Sie sind zwar alle studierte Musiker, doch verkopft klingt der Sound von Panda Lux trotzdem nicht. "Fun, Fun, Fun": Den Titel ihres aktuellen Albums kauft man den Schweizern ab, auch wenn es vergleichsweise introvertiert geraten ist. Doch neben dem Spaß probieren sie Neues aus.

Von Anja Buchmann | 22.11.2020
    Vier Männer stehen vor einem roten Samtvorhang mit Lampe.
    Spielten anfangs Rock-Musik: Die Musiker von Panda Lux: Samuel Kuntz, Moritz Widrig, Janos Mijnssen, Silvan Kuntz (v.l.n.r.) (Anja Furrer)
    Musik: "¼ life"
    Verspielt, Klang verliebt, experimentell – so klingt die Musik der Schweizer Band Panda Lux. Mal Pop, mal Funk oder Disco, mal ein an Jazz erinnerndes Saxofon-Solo, viel Elektronik, mal eine Surfgitarre, mal orientalisch anmutende Tonskalen. Vier Mittzwanziger, die auf ihrem aktuellen Album "Fun, fun, fun" ihre instrumentalen Fertigkeiten und große Vielfalt demonstrieren. Und das auf eine entspannte Art.
    "Waren mal eine Rockband"
    Dabei begann alles im Jahr 2006 im kleinen Schweizer Örtchen Rorschach am Bodensee mit ganz anderer Musik, wie Sänger Silvan erzählt:
    "Also ganz anfangs waren wir mega punkig unterwegs und haben Instrumental Rock gemacht, also ohne Gesang. Das lief so ab, dass ich vor allem so Power-Chords gespielt hab und Samuel Melodien auf einer Seite geklimpert hat und Moritz irgendeinen geilen beat zugespielt hat. Was spannend ist: Wir haben nie gecovert oder so. Wir haben immer von Anfang an, also als ich so elf oder zwölf war, direkt eigene Sachen gemacht und es hat sich natürlich extrem gewandelt. Also wir haben noch irgendwelche Video und Handy oder so Recorder Aufnahmen von damals und es ist ultra spannend, wie sich die Musik entwickelt hat. Wir waren eigentlich mal wirklich so eine Rockband."

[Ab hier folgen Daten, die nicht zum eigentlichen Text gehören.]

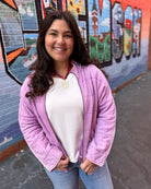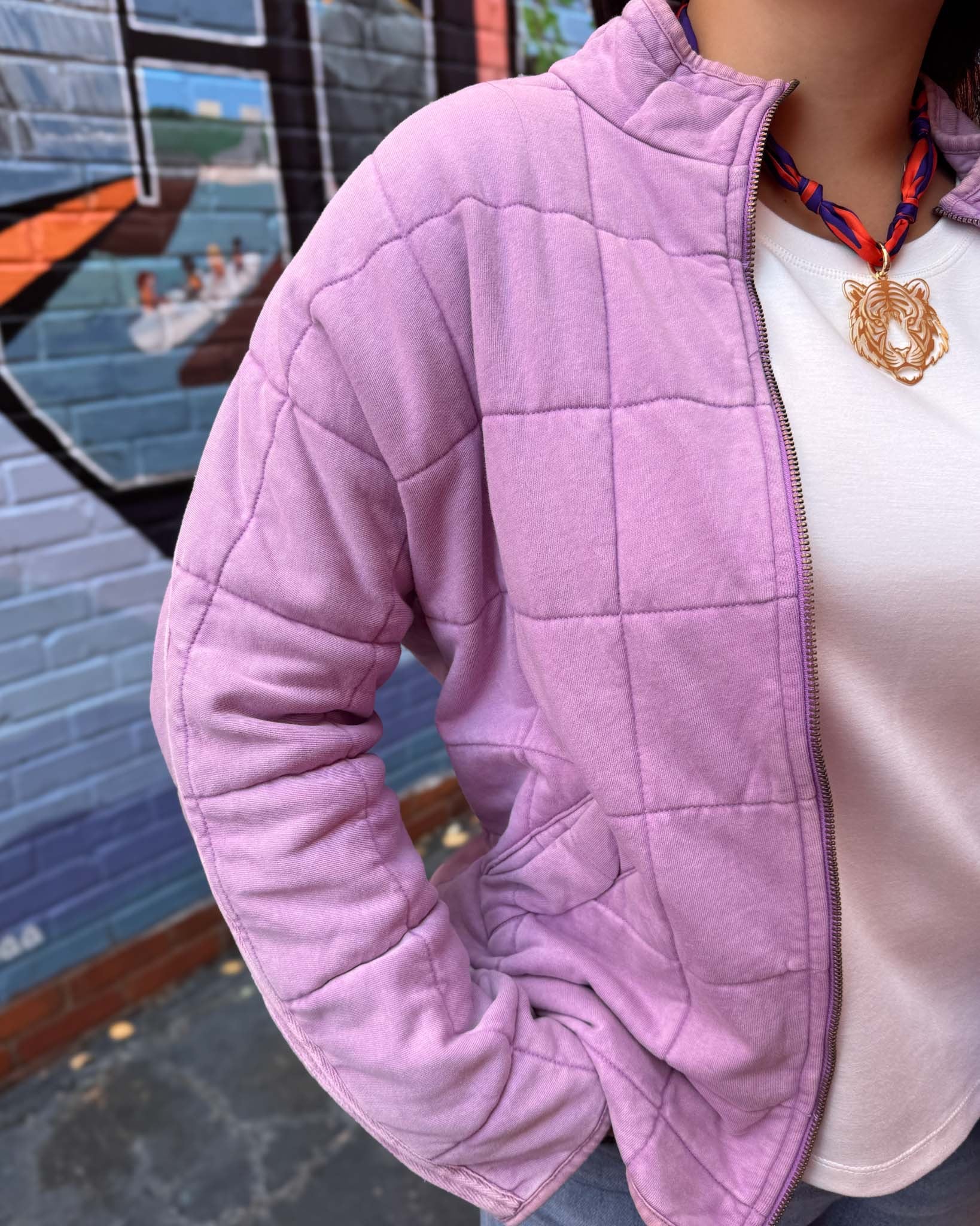 This beautifully tufted jacket is a head turner! The luxurious feel and flattering shape is a must have. The stitched piping adds a fun and chic detail. Take a plain outfit to an elevated, perfect style!
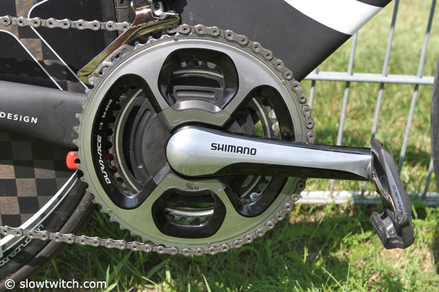 An SRM power meter on a Dura-Ace crank with Shimano Dura-Ace pedals. Joyce also has a CeramicSpeed Bbright PF4624 bottom bracket system that is compatible with Shimano 24mm crank axles without adapters or converters.
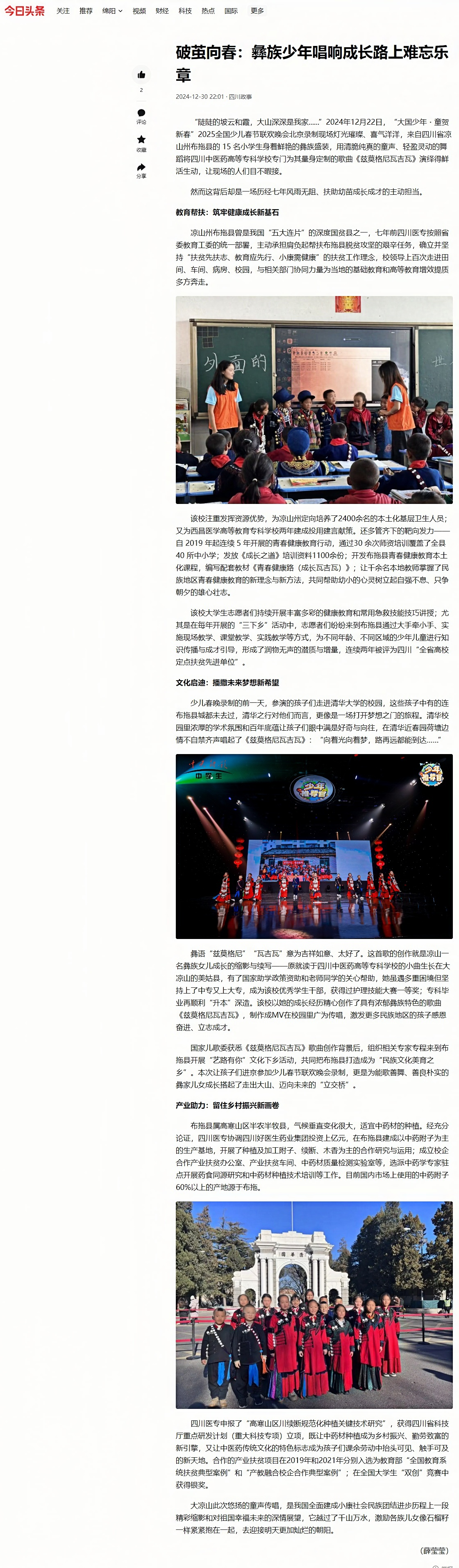 今日头条:破茧向春:彝族少年唱响成长路上难忘乐章
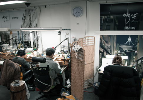 각 분야의 최고의 장인들로 구성된, 10명의 장인이 한팀으로 일하는 백작 명장 공방
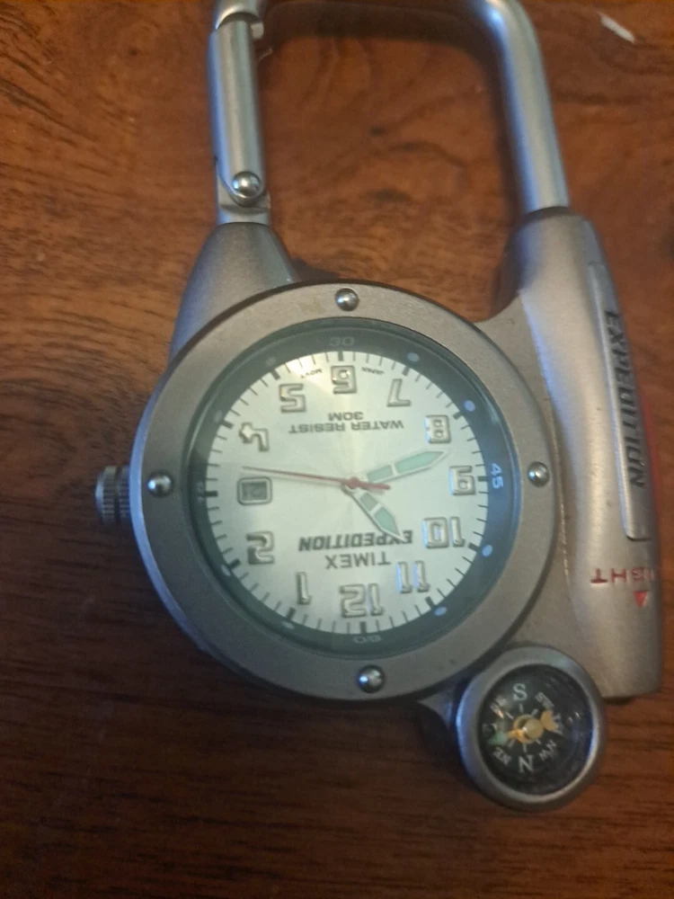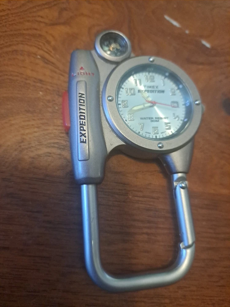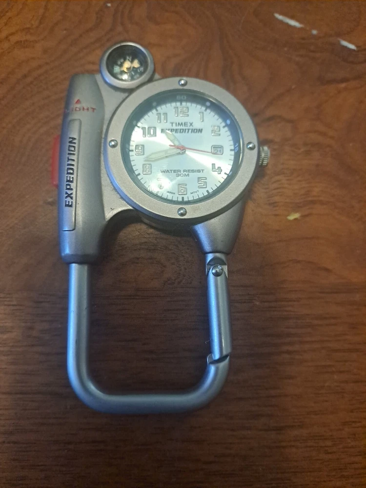 Vintage Timex Expedition Carabiner Watch Compass And FlashLight Camping Outdoor

    In der ersten veröffentlichten Single, "Freier Fall", im Jahr 2013 hört man, wenn auch keinen Instrumental-Rock, so doch eine deutlichere Präsenz der zwei Gitarren von Silvan und Samuel. Die beiden Brüder, die schon als Kinder zusammen Musik machten, und bereits damals verschiedene Rollen auf ihrem Instrument ausgeübt haben.

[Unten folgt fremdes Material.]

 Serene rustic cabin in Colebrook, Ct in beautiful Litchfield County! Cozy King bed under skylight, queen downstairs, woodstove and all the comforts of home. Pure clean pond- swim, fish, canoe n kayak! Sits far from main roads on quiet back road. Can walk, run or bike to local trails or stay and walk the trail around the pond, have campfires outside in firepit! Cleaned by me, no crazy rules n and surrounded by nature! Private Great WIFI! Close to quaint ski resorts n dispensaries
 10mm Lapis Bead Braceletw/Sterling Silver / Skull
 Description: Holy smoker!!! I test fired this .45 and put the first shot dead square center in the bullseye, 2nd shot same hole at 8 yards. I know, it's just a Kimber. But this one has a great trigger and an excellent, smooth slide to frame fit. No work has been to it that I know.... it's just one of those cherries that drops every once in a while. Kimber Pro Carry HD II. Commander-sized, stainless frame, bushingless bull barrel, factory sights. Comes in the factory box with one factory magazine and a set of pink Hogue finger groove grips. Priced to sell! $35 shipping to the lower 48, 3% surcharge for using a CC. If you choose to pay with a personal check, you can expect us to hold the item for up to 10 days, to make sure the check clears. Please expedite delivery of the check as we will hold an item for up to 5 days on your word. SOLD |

    "Ich bin eigentlich eher der den Rhythmus, die Harmonien bringt. Und er ist eher der Melodie-Typ. Ich glaube, das kommt daher, dass er als erstes Instrument Trompete gelernt hat und das ist ja eigentlich quasi ein Melodieinstrument. Und es ist witzig, es gibt wirklich eigentlich eine sehr klassische Aufteilung bei uns. Also wenn wir einfach so spontan jetzt, wie wir sehr oft zusammen auf den Gitarren spielen, dann gibt es schon diese Rollenverteilung."
    Musik: "Freier Fall"
    Es sei schon etwas Besonderes, mit seinem Bruder zusammen Musik zu machen, in einer Band zu spielen, erzählt Silvan von Panda Lux. Beide haben nach der Schule Musik studiert, Silvan klassische und Samuel die Jazzgitarre. Was man auch heute noch an Silvans Fingernägeln sehen kann:
    "Naja, ich hab die langen Fingernägel an der rechten Hand, die werden auch immer schön geschliffen, vor dem Konzert gefeilt."

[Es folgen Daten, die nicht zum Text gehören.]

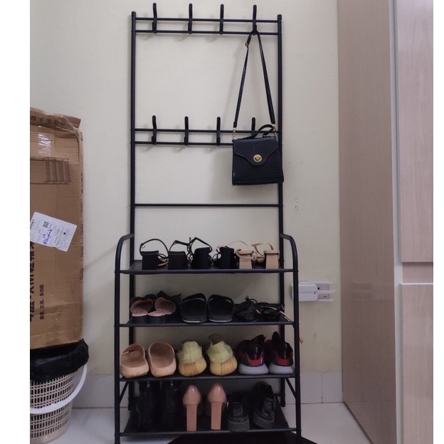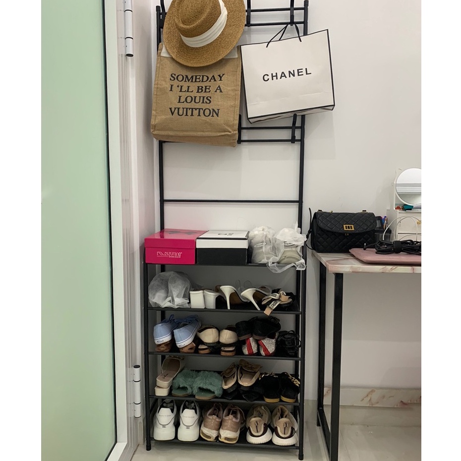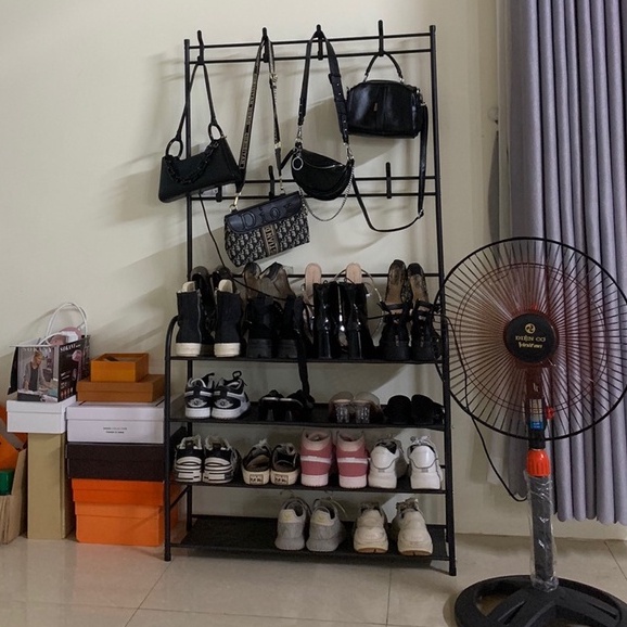 -Kệ được thiết kế chữ H với 2 tầng dưới giá thép để giày dép hoặc phù hợp quần áo gấp

    Und er hat nach der ersten instrumentalen Anfangsphase der Band mit dem Singen begonnen. Als Teenager hatte er ein bisschen Unterricht, aber keine wirkliche Gesangsausbildung bekommen.
    "Ich bezeichne mich deswegen auch nie wirklich als Sänger. Ich bin einfach einer, der singt."
    Aber einer, der gut singt. Silvan hat ein sehr wiedererkennbares Timbre: elegant, beweglich, mit vielen zarten Farbschattierungen. Im Laufe der Zeit ist dann immer mehr die Kopfstimme hinzugekommen. Quasi "aus Versehen".
    "Also auf dem ersten Album hab ich eigentlich noch nie was mit Kopfstimme gemacht. Und das hat sich irgendwie, diese Klangfarbe und diese Möglichkeit auch zu wechseln, das hat sich erst so ergeben und ist ganz intuitiv beim Song Schreiben entstanden."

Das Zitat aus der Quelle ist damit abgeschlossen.